NerdMiner – Public-Pool.io Shares Stalled
Warning — Should be addressed soon
Symptoms
- On-device `Valid Shares` counter froze (e.g. at `47`) and hasn't moved for 30+ minutes
- On-device `Hashrate` display oscillates between `0 kH/s` and `~76 kH/s` on a 10-30 second cycle
- Wall power draw is steady ~5 W and the BM1387 / BM1366 is warm — chip hashing, pool not crediting
- `web.public-pool.io` worker dashboard shows the `bc1q...` address online with `0 H/s` 5-minute average and `0` accepted shares in the last hour
- Block height + BTC ticker continue to refresh on the idle screen — confirms WiFi/DNS/HTTPS are healthy
- Serial console at `115200` baud shows repeated `mining.submit` lines followed by pool replies of `{"result": false, "error": [23, "Low difficulty share", null]}` or `[24, "Stale share", null]`
- Multiple NerdMiners on the same LAN against `public-pool.io:21496` stalled at the same time (consistent with GitHub `BitMaker-hub/NerdMiner_v2` issue #247)
- Switching to `solo.ckpool.org:3333` or `pool.nerdminers.org:3333` immediately resumes share submission
- Restarting the device gives a temporary 5-30 minute burst of accepted shares before stalling again
- No physical changes (no firmware flash, no PSU swap, no overclock) preceded the stall — config-stable miner stopped getting credit
Step-by-Step Fix
Confirm the device is hashing.
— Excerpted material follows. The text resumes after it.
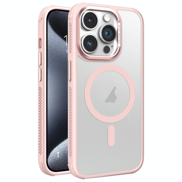 For iPhone 15 Pro Max Hardware Side Cooling Skin Feel Frosted Metal Lens Frame MagSafe Phone Case(Pink)

Watch the NerdMiner display — `Hashrate` should cycle between `0 kH/s` and `~50-78 kH/s` and wall power draw should be ~5 W. If it sits permanently at `0 kH/s` or 0.5 W, this is a different fault class (display / WiFi / chip), not a vardiff stall. Open the NerdMinerAP captive portal to verify settings: power-cycle while holding `BOOT`, connect to the `NerdMinerAP` network, browse to `http://192.168.4.1`, read the `Pool URL` and `Pool Port` fields. Confirm `public-pool.io` + `21496` to verify this is the documented stall — if you're on a different pool, see Diagnostic Steps to isolate.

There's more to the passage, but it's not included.